::: MATERIAL FOR THIS TASK :::

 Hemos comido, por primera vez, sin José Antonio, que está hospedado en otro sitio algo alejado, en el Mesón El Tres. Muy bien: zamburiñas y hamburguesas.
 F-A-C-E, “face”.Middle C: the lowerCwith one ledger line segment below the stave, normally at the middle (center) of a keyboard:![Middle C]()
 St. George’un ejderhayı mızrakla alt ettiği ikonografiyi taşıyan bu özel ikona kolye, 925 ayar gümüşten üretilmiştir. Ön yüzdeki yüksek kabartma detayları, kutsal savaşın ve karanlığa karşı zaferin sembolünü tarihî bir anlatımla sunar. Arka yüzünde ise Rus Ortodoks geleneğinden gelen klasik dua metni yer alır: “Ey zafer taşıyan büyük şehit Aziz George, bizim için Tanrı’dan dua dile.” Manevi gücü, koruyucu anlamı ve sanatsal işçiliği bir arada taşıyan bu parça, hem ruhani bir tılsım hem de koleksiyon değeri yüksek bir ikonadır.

:::
::: MATERIAL FOR THIS TASK :::

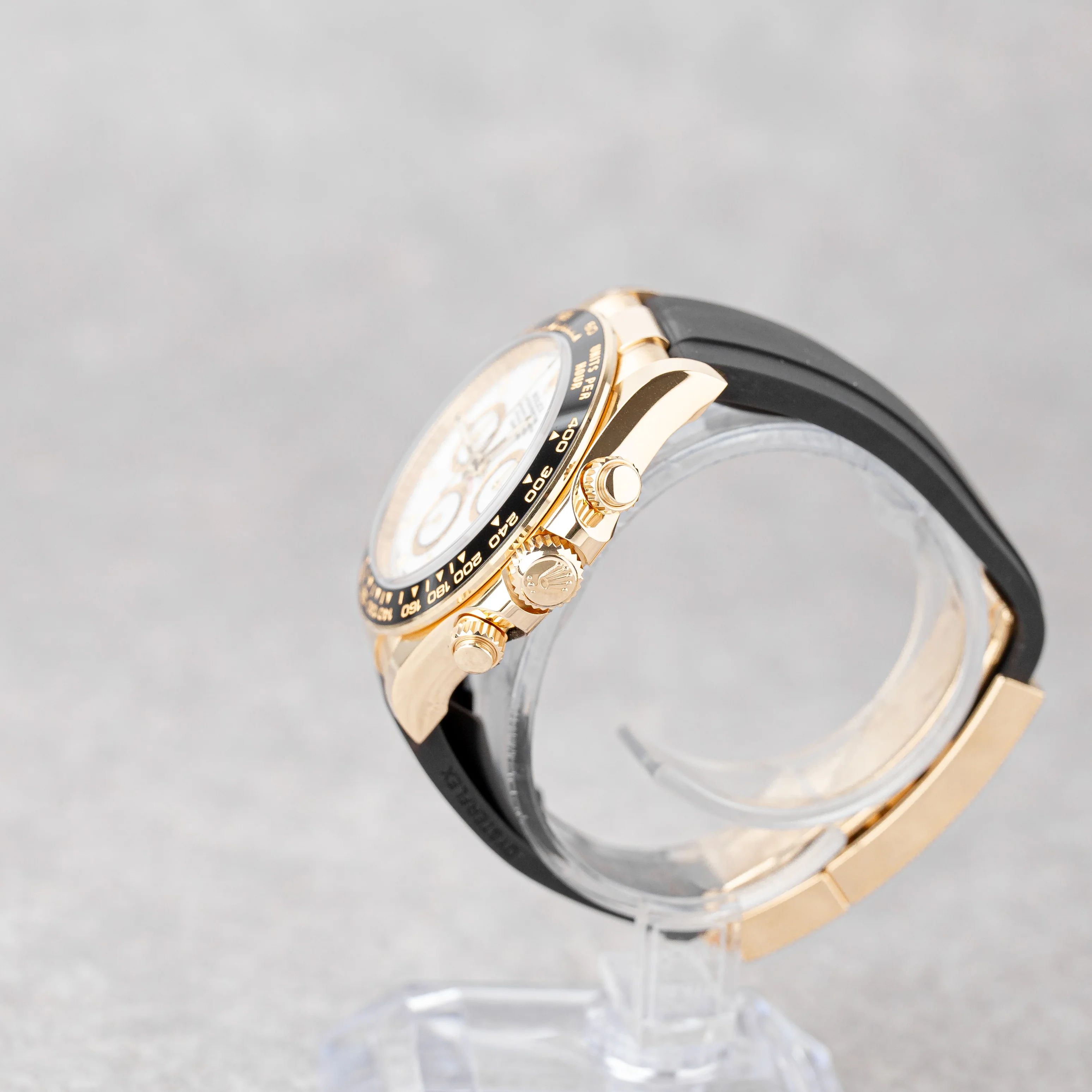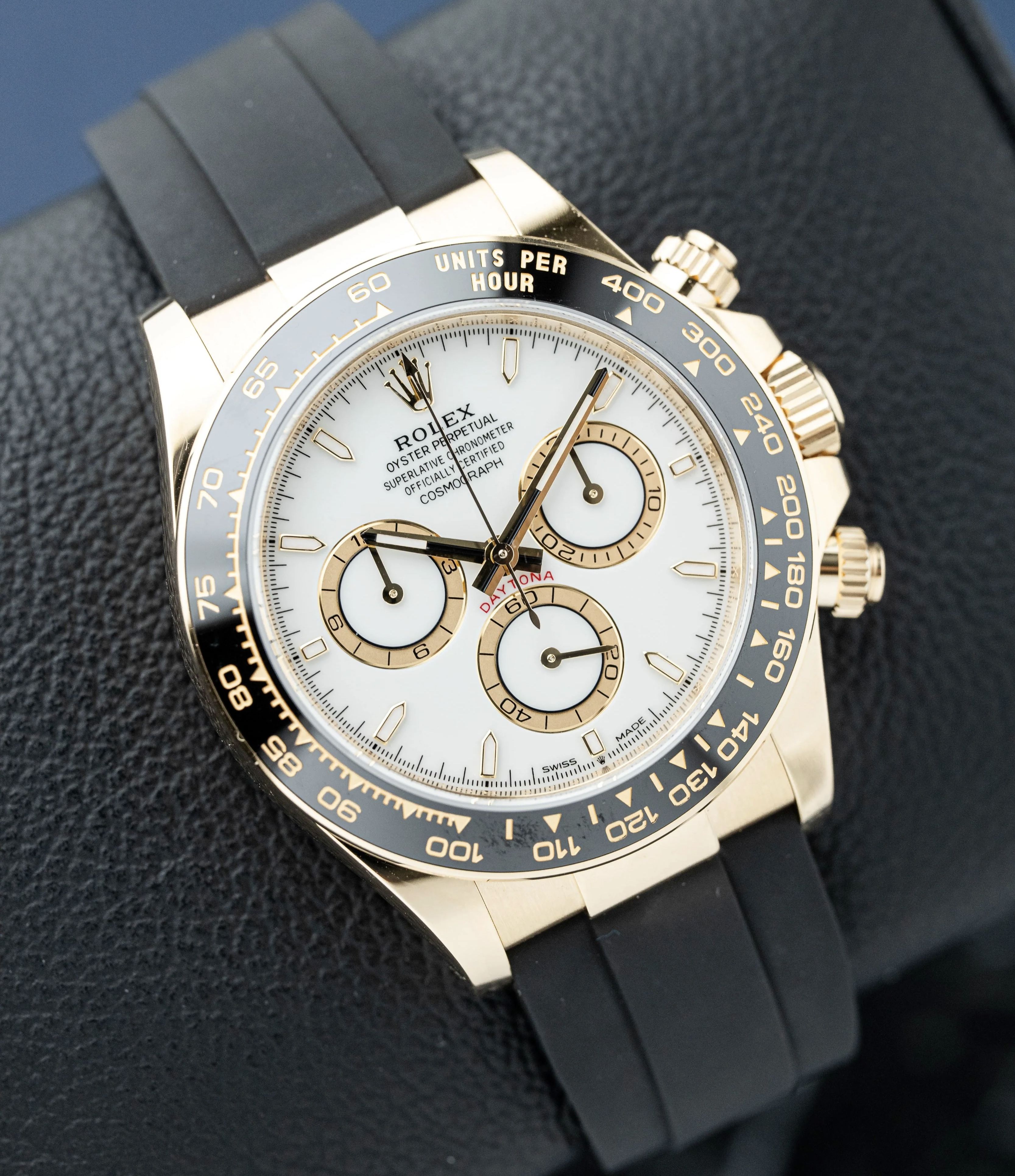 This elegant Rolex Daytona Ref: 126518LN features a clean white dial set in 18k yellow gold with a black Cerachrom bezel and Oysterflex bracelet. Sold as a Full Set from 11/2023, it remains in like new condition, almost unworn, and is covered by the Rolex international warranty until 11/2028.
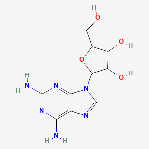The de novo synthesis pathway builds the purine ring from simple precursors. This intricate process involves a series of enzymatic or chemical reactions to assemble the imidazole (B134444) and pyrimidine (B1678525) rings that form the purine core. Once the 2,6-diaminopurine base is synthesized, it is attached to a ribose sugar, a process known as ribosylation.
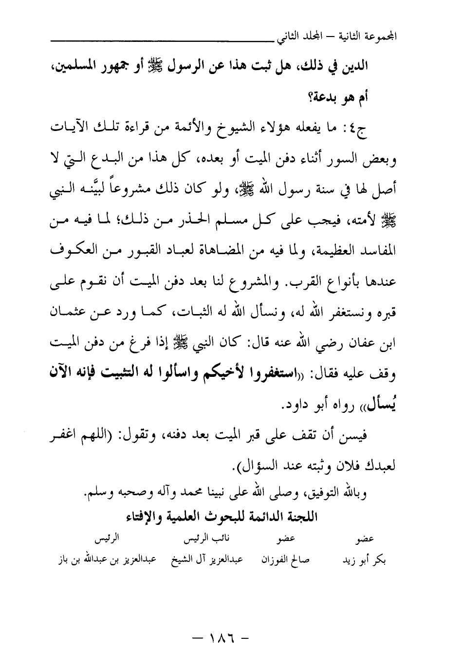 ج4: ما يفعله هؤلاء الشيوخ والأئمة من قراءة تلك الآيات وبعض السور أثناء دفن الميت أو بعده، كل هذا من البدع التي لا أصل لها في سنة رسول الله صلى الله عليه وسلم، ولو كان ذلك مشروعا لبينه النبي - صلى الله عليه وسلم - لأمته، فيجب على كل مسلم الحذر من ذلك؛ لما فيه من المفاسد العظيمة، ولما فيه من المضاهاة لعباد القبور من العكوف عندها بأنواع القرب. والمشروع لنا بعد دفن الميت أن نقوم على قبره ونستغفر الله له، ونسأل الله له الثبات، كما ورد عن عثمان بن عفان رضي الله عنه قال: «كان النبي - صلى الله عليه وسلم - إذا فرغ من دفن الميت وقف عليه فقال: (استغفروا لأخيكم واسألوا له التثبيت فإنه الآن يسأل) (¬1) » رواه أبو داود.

:::

(AIM OF THE TASK)
Would you output the lines above from the line holding "The de novo" up to and including the line holding "ج4: ما يفعله", exactly and only those, with no pictures?

(YOUR SOLUTION)
The de novo synthesis pathway builds the purine ring from simple precursors. This intricate process involves a series of enzymatic or chemical reactions to assemble the imidazole (B134444) and pyrimidine (B1678525) rings that form the purine core. Once the 2,6-diaminopurine base is synthesized, it is attached to a ribose sugar, a process known as ribosylation.
 ج4: ما يفعله هؤلاء الشيوخ والأئمة من قراءة تلك الآيات وبعض السور أثناء دفن الميت أو بعده، كل هذا من البدع التي لا أصل لها في سنة رسول الله صلى الله عليه وسلم، ولو كان ذلك مشروعا لبينه النبي - صلى الله عليه وسلم - لأمته، فيجب على كل مسلم الحذر من ذلك؛ لما فيه من المفاسد العظيمة، ولما فيه من المضاهاة لعباد القبور من العكوف عندها بأنواع القرب. والمشروع لنا بعد دفن الميت أن نقوم على قبره ونستغفر الله له، ونسأل الله له الثبات، كما ورد عن عثمان بن عفان رضي الله عنه قال: «كان النبي - صلى الله عليه وسلم - إذا فرغ من دفن الميت وقف عليه فقال: (استغفروا لأخيكم واسألوا له التثبيت فإنه الآن يسأل) (¬1) » رواه أبو داود.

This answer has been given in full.